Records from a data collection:
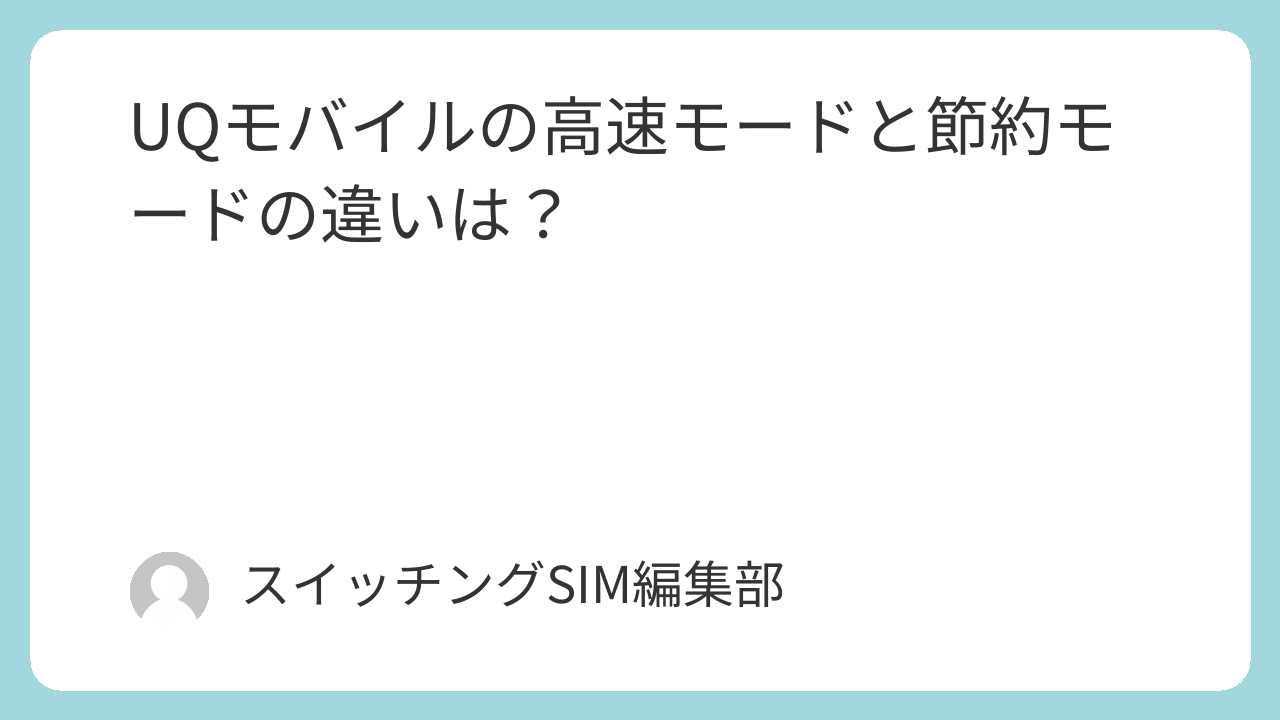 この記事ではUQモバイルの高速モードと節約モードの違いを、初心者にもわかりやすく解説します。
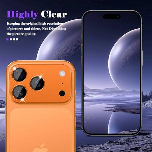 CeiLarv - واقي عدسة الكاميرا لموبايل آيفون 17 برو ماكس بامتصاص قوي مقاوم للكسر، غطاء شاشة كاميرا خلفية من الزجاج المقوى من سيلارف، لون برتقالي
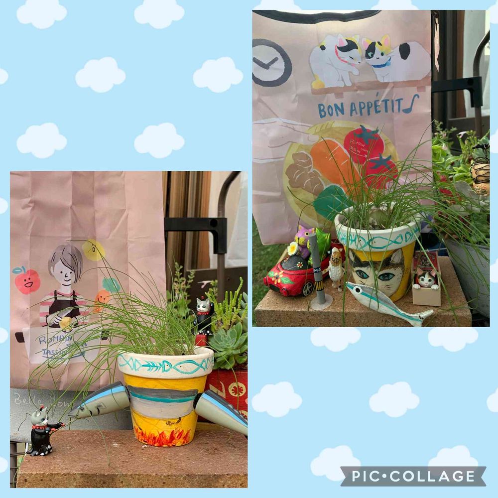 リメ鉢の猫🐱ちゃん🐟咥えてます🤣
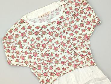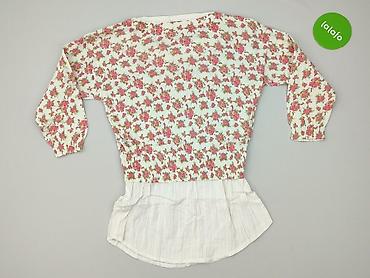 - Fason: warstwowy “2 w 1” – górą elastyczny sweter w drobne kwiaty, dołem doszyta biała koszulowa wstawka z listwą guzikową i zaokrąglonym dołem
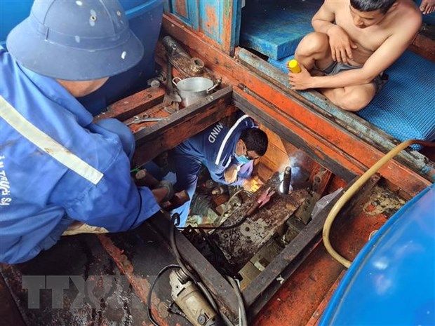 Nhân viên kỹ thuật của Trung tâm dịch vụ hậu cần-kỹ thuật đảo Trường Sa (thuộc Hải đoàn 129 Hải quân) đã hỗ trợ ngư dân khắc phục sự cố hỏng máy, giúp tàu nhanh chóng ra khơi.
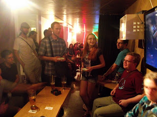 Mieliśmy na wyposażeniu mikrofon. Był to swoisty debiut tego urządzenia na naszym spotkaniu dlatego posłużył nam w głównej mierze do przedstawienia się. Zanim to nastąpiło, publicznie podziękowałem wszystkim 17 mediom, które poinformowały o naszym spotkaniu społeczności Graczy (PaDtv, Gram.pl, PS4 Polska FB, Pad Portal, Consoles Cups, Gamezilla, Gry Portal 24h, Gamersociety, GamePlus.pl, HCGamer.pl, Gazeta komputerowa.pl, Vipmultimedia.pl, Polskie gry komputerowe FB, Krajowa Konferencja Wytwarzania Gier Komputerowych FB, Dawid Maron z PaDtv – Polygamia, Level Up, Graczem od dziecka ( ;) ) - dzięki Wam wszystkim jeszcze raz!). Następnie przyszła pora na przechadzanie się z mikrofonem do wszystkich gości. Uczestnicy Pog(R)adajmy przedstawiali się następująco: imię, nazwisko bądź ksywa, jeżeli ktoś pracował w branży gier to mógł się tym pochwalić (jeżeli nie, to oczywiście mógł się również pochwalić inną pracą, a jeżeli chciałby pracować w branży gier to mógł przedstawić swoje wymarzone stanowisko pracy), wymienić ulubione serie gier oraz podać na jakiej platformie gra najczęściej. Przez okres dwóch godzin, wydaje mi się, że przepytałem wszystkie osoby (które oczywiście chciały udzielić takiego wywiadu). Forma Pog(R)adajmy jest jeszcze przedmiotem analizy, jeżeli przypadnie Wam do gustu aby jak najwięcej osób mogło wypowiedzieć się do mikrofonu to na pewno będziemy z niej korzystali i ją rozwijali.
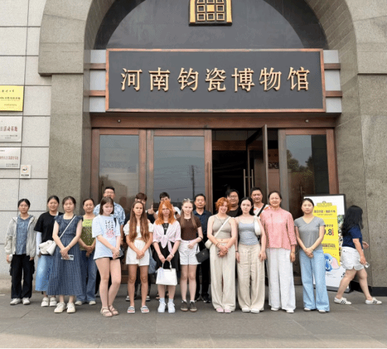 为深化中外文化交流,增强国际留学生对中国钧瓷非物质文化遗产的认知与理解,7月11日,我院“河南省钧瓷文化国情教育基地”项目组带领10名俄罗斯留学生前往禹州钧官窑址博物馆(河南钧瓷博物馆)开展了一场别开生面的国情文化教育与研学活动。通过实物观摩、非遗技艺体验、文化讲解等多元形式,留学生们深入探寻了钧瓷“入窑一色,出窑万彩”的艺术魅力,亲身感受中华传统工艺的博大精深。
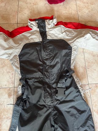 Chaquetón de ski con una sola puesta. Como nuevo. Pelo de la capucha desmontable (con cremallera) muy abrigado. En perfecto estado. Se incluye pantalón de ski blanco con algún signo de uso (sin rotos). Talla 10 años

▸ **EXERCISE REQUIREMENTS**
Your answer must consist of the entries, unchanged, with no pictures in it.

▸ **ANSWER TO THE EXERCISE**
 この記事ではUQモバイルの高速モードと節約モードの違いを、初心者にもわかりやすく解説します。
 CeiLarv - واقي عدسة الكاميرا لموبايل آيفون 17 برو ماكس بامتصاص قوي مقاوم للكسر، غطاء شاشة كاميرا خلفية من الزجاج المقوى من سيلارف، لون برتقالي
 リメ鉢の猫🐱ちゃん🐟咥えてます🤣
 - Fason: warstwowy “2 w 1” – górą elastyczny sweter w drobne kwiaty, dołem doszyta biała koszulowa wstawka z listwą guzikową i zaokrąglonym dołem
 Nhân viên kỹ thuật của Trung tâm dịch vụ hậu cần-kỹ thuật đảo Trường Sa (thuộc Hải đoàn 129 Hải quân) đã hỗ trợ ngư dân khắc phục sự cố hỏng máy, giúp tàu nhanh chóng ra khơi.
 Mieliśmy na wyposażeniu mikrofon. Był to swoisty debiut tego urządzenia na naszym spotkaniu dlatego posłużył nam w głównej mierze do przedstawienia się. Zanim to nastąpiło, publicznie podziękowałem wszystkim 17 mediom, które poinformowały o naszym spotkaniu społeczności Graczy (PaDtv, Gram.pl, PS4 Polska FB, Pad Portal, Consoles Cups, Gamezilla, Gry Portal 24h, Gamersociety, GamePlus.pl, HCGamer.pl, Gazeta komputerowa.pl, Vipmultimedia.pl, Polskie gry komputerowe FB, Krajowa Konferencja Wytwarzania Gier Komputerowych FB, Dawid Maron z PaDtv – Polygamia, Level Up, Graczem od dziecka ( ;) ) - dzięki Wam wszystkim jeszcze raz!). Następnie przyszła pora na przechadzanie się z mikrofonem do wszystkich gości. Uczestnicy Pog(R)adajmy przedstawiali się następująco: imię, nazwisko bądź ksywa, jeżeli ktoś pracował w branży gier to mógł się tym pochwalić (jeżeli nie, to oczywiście mógł się również pochwalić inną pracą, a jeżeli chciałby pracować w branży gier to mógł przedstawić swoje wymarzone stanowisko pracy), wymienić ulubione serie gier oraz podać na jakiej platformie gra najczęściej. Przez okres dwóch godzin, wydaje mi się, że przepytałem wszystkie osoby (które oczywiście chciały udzielić takiego wywiadu). Forma Pog(R)adajmy jest jeszcze przedmiotem analizy, jeżeli przypadnie Wam do gustu aby jak najwięcej osób mogło wypowiedzieć się do mikrofonu to na pewno będziemy z niej korzystali i ją rozwijali.
 为深化中外文化交流,增强国际留学生对中国钧瓷非物质文化遗产的认知与理解,7月11日,我院“河南省钧瓷文化国情教育基地”项目组带领10名俄罗斯留学生前往禹州钧官窑址博物馆(河南钧瓷博物馆)开展了一场别开生面的国情文化教育与研学活动。通过实物观摩、非遗技艺体验、文化讲解等多元形式,留学生们深入探寻了钧瓷“入窑一色,出窑万彩”的艺术魅力,亲身感受中华传统工艺的博大精深。
 Chaquetón de ski con una sola puesta. Como nuevo. Pelo de la capucha desmontable (con cremallera) muy abrigado. En perfecto estado. Se incluye pantalón de ski blanco con algún signo de uso (sin rotos). Talla 10 años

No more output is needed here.